* Requirement: Leave the pictures out and restate each entry below word for word.

(Data excerpts)
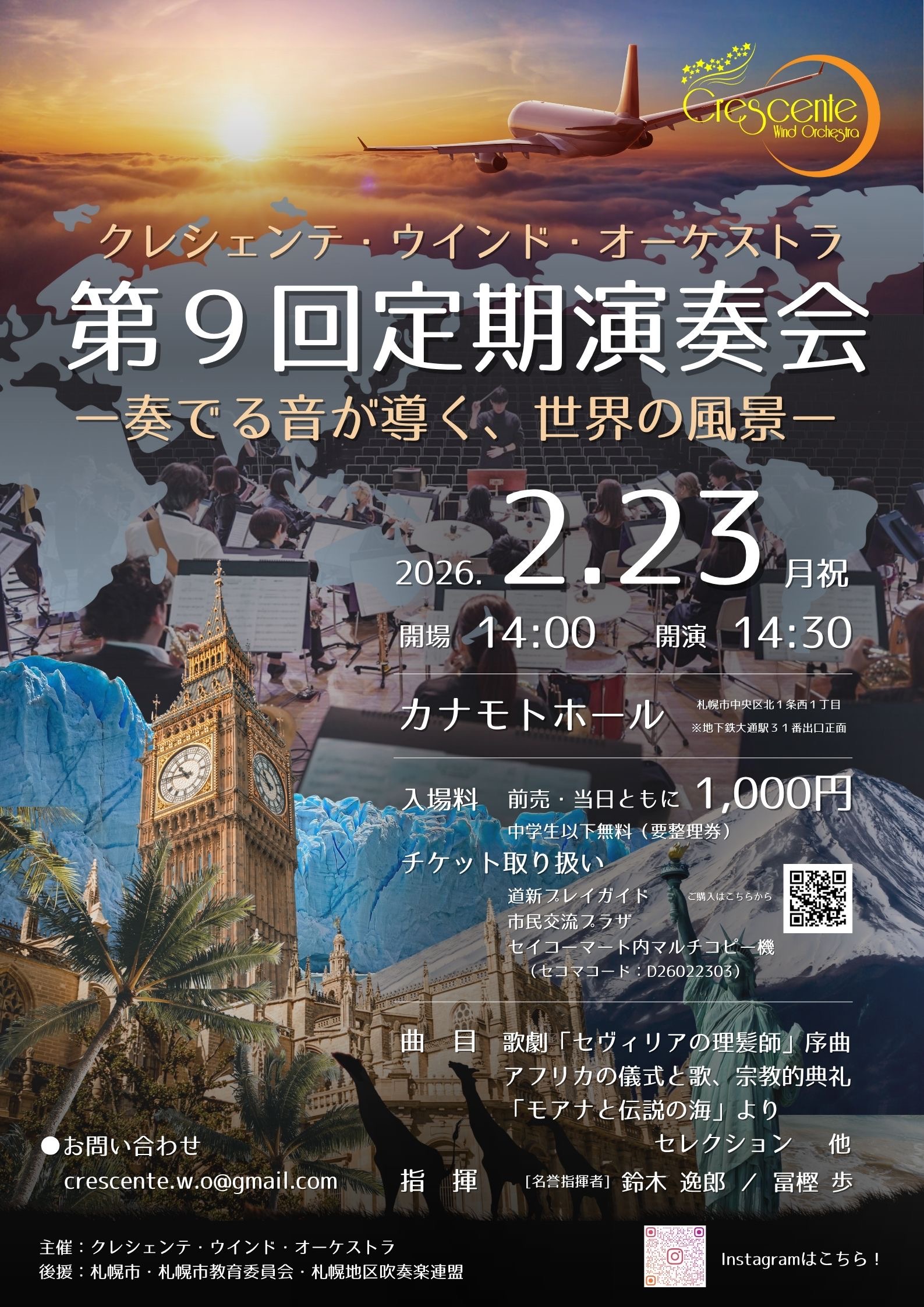 2026年1月23日 / 最終更新日時 : 2026年2月25日 s-suiren 5.未分類 【後援】クレシェンテ・ウインド・オーケストラ第9回定期演奏会 日時:2026年2月23日(月・祝)開場14:00 開演14:30 場所:カナモトホール 入場料:1,000円/中学生以下無料(要整理券) お問い合わせ先:crescente.w.o@gmail.com 2026定演ポスターダウンロード \ 最新情報をチェック /
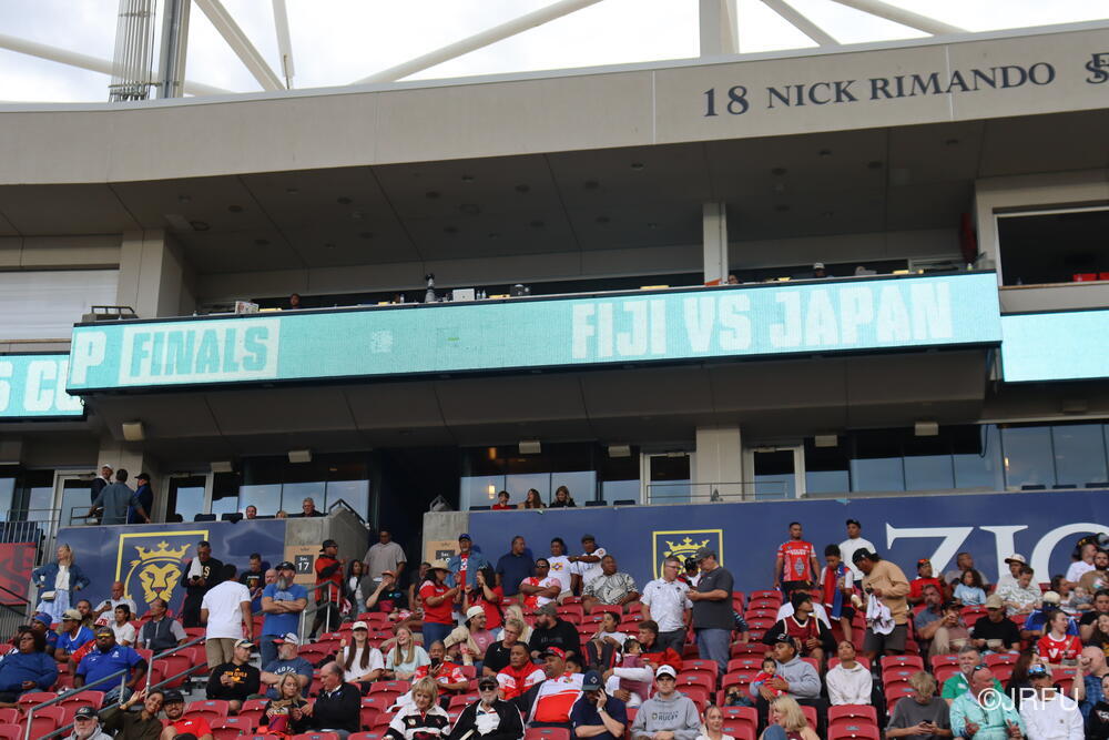 - エディーHC「ファイナルに向けての準備ができています。今回、非常に強いチームを力強く、層の厚いスコッドから選べたことが非常に嬉しく思います。日々の練習を通して、ジャパンの層の厚さを非常に感じていて、ポジション争いもありました。怪我人が試合やトレーニングから出ていますけれども、非常に自信に満ち溢れたチーム作りができていますし、みんなが連携してコネクトして戦術的にもしっかりと戦えるチームが形成できてるというふうに思います。目的は優勝することなので、しっかりと勝ちに行きたいです。(対戦相手の)フィジーに対してしっかりとプレッシャーをかけたいと思います。土曜日(現地時間)はソルトレイクシティでの試合で、非常に良い経験ができております。20年前を考えると米国のソルトレイクシティでフィジー対日本が決勝で対戦するなんて、誰も信じることができなかったと思います。それが実現できているということで、ラグビー界の発展を感じます。若手主体のチームでこの大きなステージで戦えるということは非常に素晴らしい事でありますし、何人かの選手はアメフトの契約をもらえるかもしれませんね(笑)。」
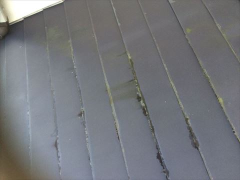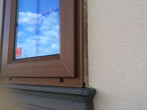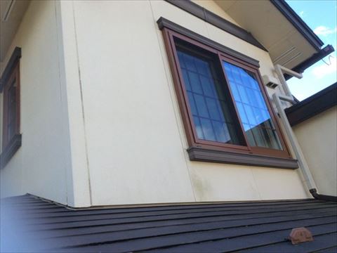 窓下の汚れが気になりました。近くまで行けなかったので遠目での判断ですが、エフロという結露水などが流れて外壁の中のカルシウム成分が溶け出して酸化したものならばさほど心配ないのですが、カビのようにも見えます。北側なのでどちらとも判断がつきません。足場を立てたときにしっかり見て対応したいと思います
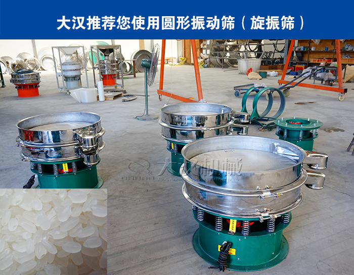 以上就是對大米圓形振動篩的介紹,如果您在篩分方面還有疑問歡迎致電大漢機(jī)械,我們將安排專業(yè)人員為您一對一進(jìn)行解答,想要選購或了解大米振動篩的廣大用戶也可以隨時咨詢大漢,我們24小時為您服務(wù)~
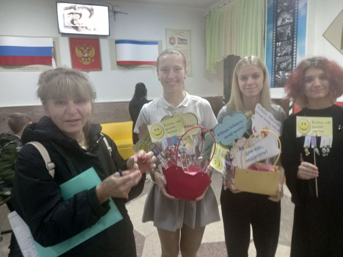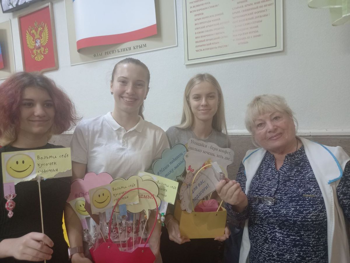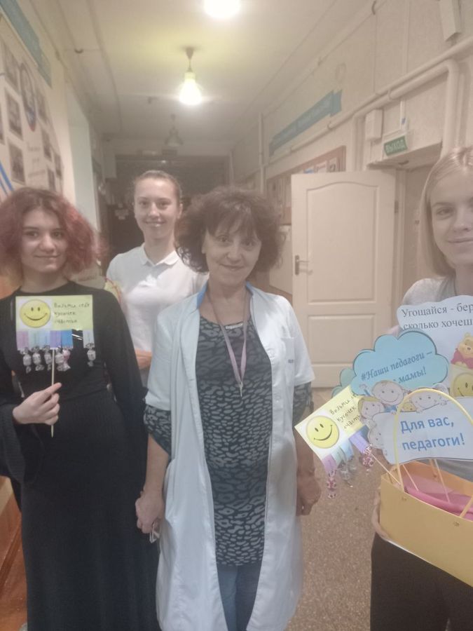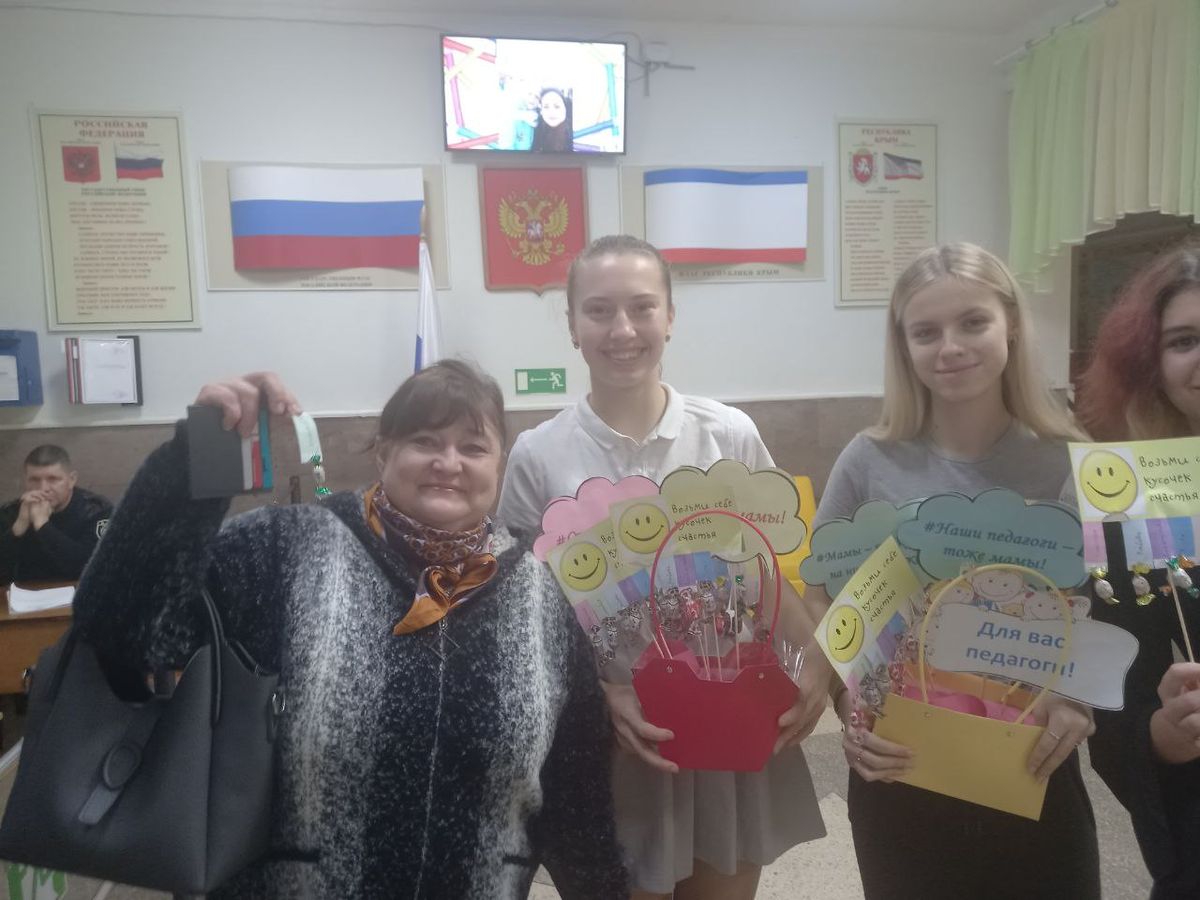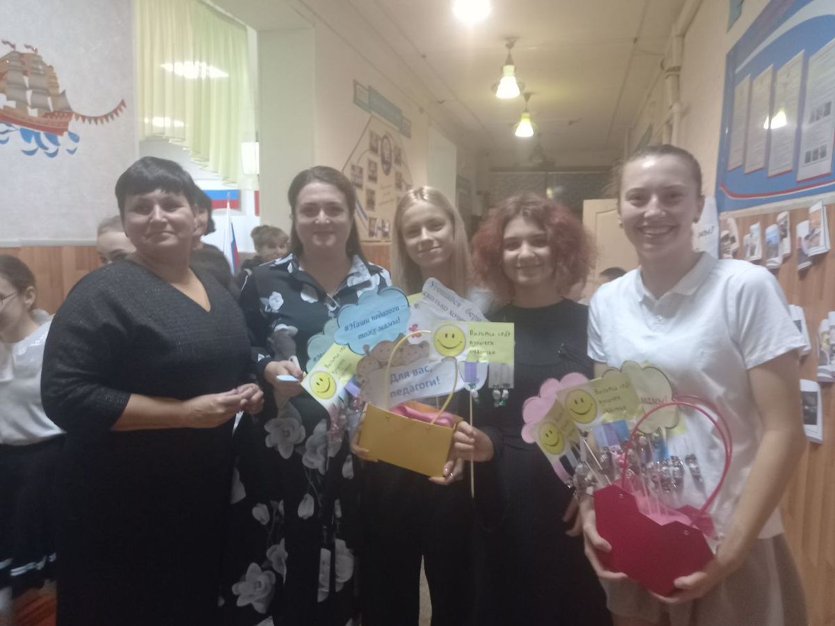 Активисты Движения Первых выступили организаторами выставки «Загляните в семейный альбом», на которую предоставлены фотографии педагогов школы вместе со своими детьми. В предпраздничный день на пороге школы учителей встречали ребята с корзинками пожеланий и сладких конфет. Они говорили: «Возьмите конфетку, начните день с хорошего настроения!».
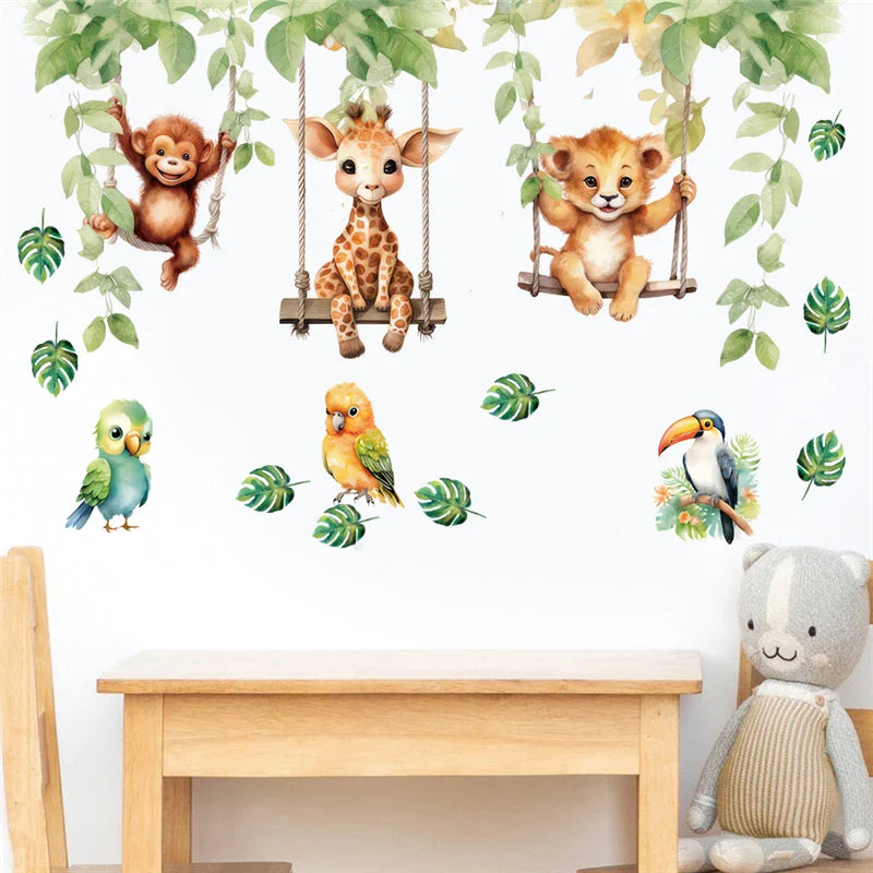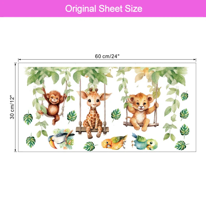 Carvallo JungleSwing väggdekal djur svänger i grenen | Rolig djungeldjurdekoration för barnrum

* Exercise answer:
 2026年1月23日 / 最終更新日時 : 2026年2月25日 s-suiren 5.未分類 【後援】クレシェンテ・ウインド・オーケストラ第9回定期演奏会 日時:2026年2月23日(月・祝)開場14:00 開演14:30 場所:カナモトホール 入場料:1,000円/中学生以下無料(要整理券) お問い合わせ先:crescente.w.o@gmail.com 2026定演ポスターダウンロード \ 最新情報をチェック /
 - エディーHC「ファイナルに向けての準備ができています。今回、非常に強いチームを力強く、層の厚いスコッドから選べたことが非常に嬉しく思います。日々の練習を通して、ジャパンの層の厚さを非常に感じていて、ポジション争いもありました。怪我人が試合やトレーニングから出ていますけれども、非常に自信に満ち溢れたチーム作りができていますし、みんなが連携してコネクトして戦術的にもしっかりと戦えるチームが形成できてるというふうに思います。目的は優勝することなので、しっかりと勝ちに行きたいです。(対戦相手の)フィジーに対してしっかりとプレッシャーをかけたいと思います。土曜日(現地時間)はソルトレイクシティでの試合で、非常に良い経験ができております。20年前を考えると米国のソルトレイクシティでフィジー対日本が決勝で対戦するなんて、誰も信じることができなかったと思います。それが実現できているということで、ラグビー界の発展を感じます。若手主体のチームでこの大きなステージで戦えるということは非常に素晴らしい事でありますし、何人かの選手はアメフトの契約をもらえるかもしれませんね(笑)。」
 窓下の汚れが気になりました。近くまで行けなかったので遠目での判断ですが、エフロという結露水などが流れて外壁の中のカルシウム成分が溶け出して酸化したものならばさほど心配ないのですが、カビのようにも見えます。北側なのでどちらとも判断がつきません。足場を立てたときにしっかり見て対応したいと思います
 以上就是對大米圓形振動篩的介紹,如果您在篩分方面還有疑問歡迎致電大漢機(jī)械,我們將安排專業(yè)人員為您一對一進(jìn)行解答,想要選購或了解大米振動篩的廣大用戶也可以隨時咨詢大漢,我們24小時為您服務(wù)~
 Активисты Движения Первых выступили организаторами выставки «Загляните в семейный альбом», на которую предоставлены фотографии педагогов школы вместе со своими детьми. В предпраздничный день на пороге школы учителей встречали ребята с корзинками пожеланий и сладких конфет. Они говорили: «Возьмите конфетку, начните день с хорошего настроения!».
 Carvallo JungleSwing väggdekal djur svänger i grenen | Rolig djungeldjurdekoration för barnrum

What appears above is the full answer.